I don't much understand the coding implications - but it seems to me that there are a lot of things that can only be achieved through a flatten - so I wonder whether there might be some coding inefficiency that is making this happen. If one wants to produce a list of tasks with the name of the locating file on the same line some kind of flatten is required - leading to a crash. But if this was inevitable, why is it possible to carry out similar things with a similar outcome easily using the tasks plugin, or even possibly with dataviewjs with say something like:

// get tasks from specific folder
const tasks = dv.pages('"01 Documents"').file.tasks
// add a link to each task
for (let task of tasks){
task.visual = task.text + " " + dv.sectionLink(task.link.path, task.section.subpath, false, "△")
}
// render tasks
dv.taskList(tasks, false)

So what is special about the flatten code that causes crashing? I don't understand Javascript well, but if the javascript can do something similar without crashing why is something similar not coded within dataview?

s-blu commented 1 year ago

You seem to be right here in a matter that I can render a result set of 1500 files within 5 seconds without any trouble (which is quite amazing.) When I flatten these 1500 files (which all contain only 1 todo), I again get 5 seconds. Flattening 750 files a 2 todos takes around 7 seconds. Flattening 5 files a 300 todos takes around 20 seconds and blocks input. So it indeed doesn't seem to be the number of result items but the numbers of tasks per file causing the issue. Worth to note: The 20 seconds are only necessary on my first call. After that, I again take around 5 seconds (by feeling, didnt measured) to render the result, I presume because the cache is ready.

I'll add the new test data to the branch here https://github.com/s-blu/obsidian_dataview_example_vault/tree/dataview-1553, if you want to check @blacksmithgu . Nothing more I can do here, unfortunately.
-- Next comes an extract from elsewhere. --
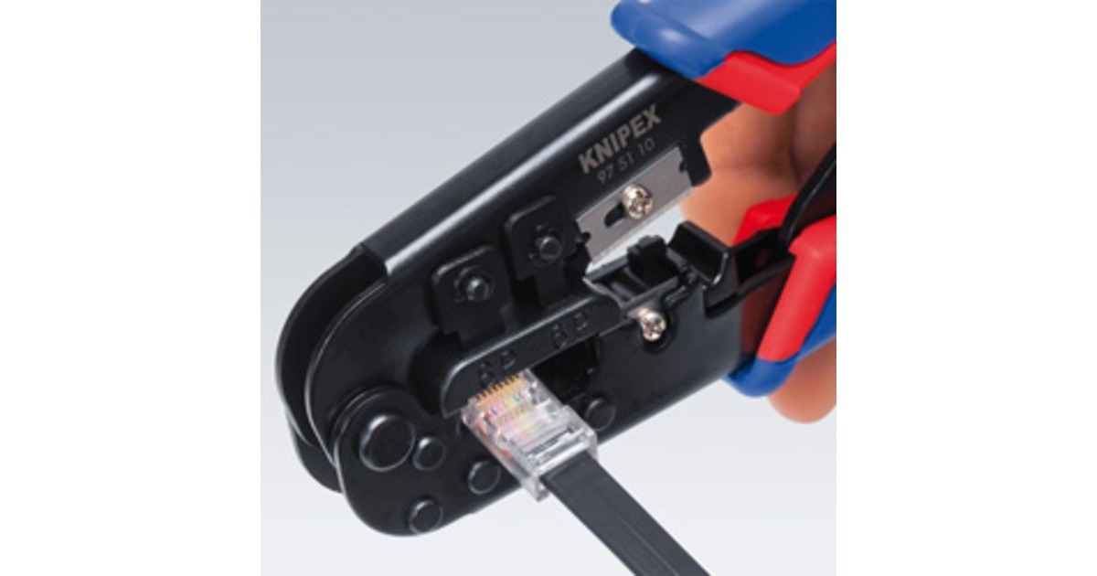 Die Knipex Crimpzange 97 51 10 ist ein Profiwerkzeug zum Schneiden und Abmanteln von flachem, nicht abgeschirmtem Telefonkabel und zum Verpressen von 6- und 8-poligen Westernsteckern Typ RJ-11/12 (9,65mm breit) und Typ RJ-45 (11,68mm breit). Die Parallelcrimpung gewährleistet dabei einen exakten Crimpvorgang, und die Zwangssperre (entriegelbar) sorgt für eine gleichbleibend hohe Crimpqualität. Ein Längenabschneider und Abmantelungsmesser für Flachkabel 6mm und 12mm Länge mit zusätzlicher Abisolier-Funktion für Rundkabel ist ebenfalls integriert. Die Crimpzange 97 51 10 ist aus Chrom-Vanadium-Elektrostahl in Sondergüte gefertigt und ölgehärtet.Art.-Nr.: 1265836
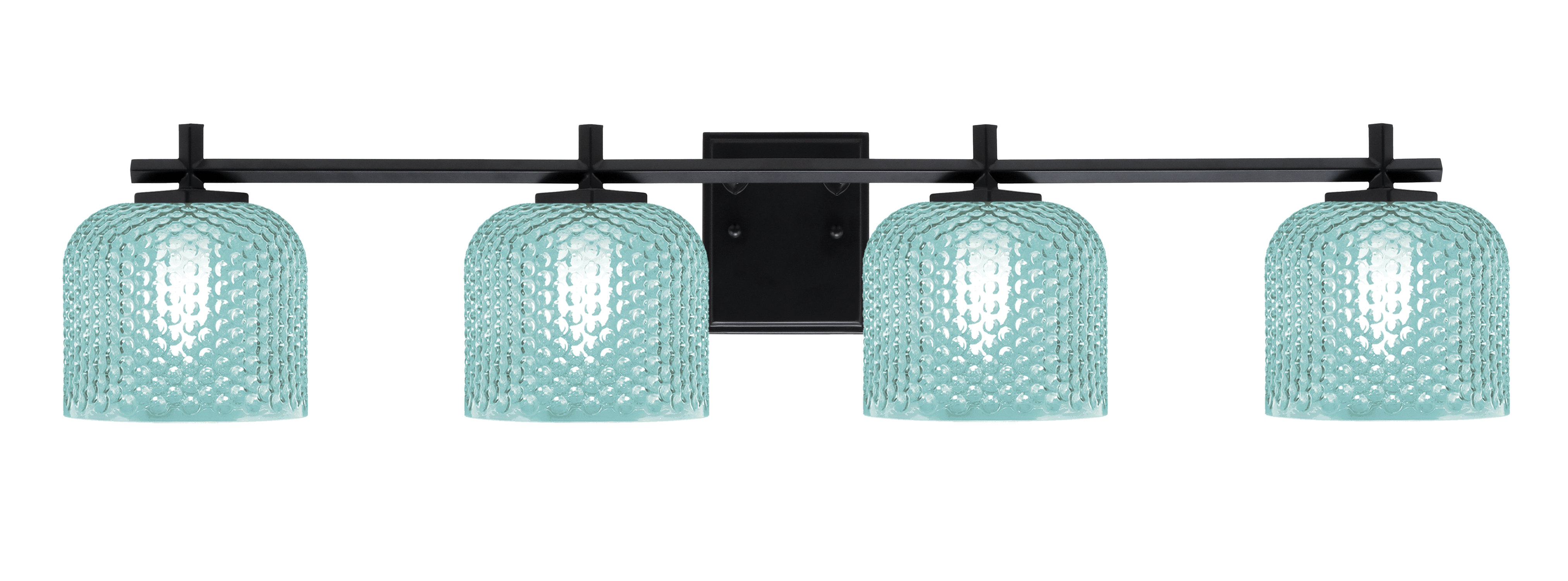 Toltec Lighting 1214-MB-4615 Franklin 4 Light Bath Bar, Matte Black Finish, 6″ Turquoise Textured Glass

aubreyz commented 1 year ago

That is an interesting experiment @s-blu which takes the matter much further forward. Given the behavior of dataviewjs and the tasks plugin performing very similar feats with effective flattening (with many items in a few files) I suspect that it must be possible to optimize the flatten code to avoid this roadblock. I'm happy to test things, but the coding is outside of my skill-set :)

I note your comment about working OK a second time (cache we guess), but at n=2000 or 3000 you don't get a second chance because it approaches infinity.... even at 600 or so it becomes massively problematical.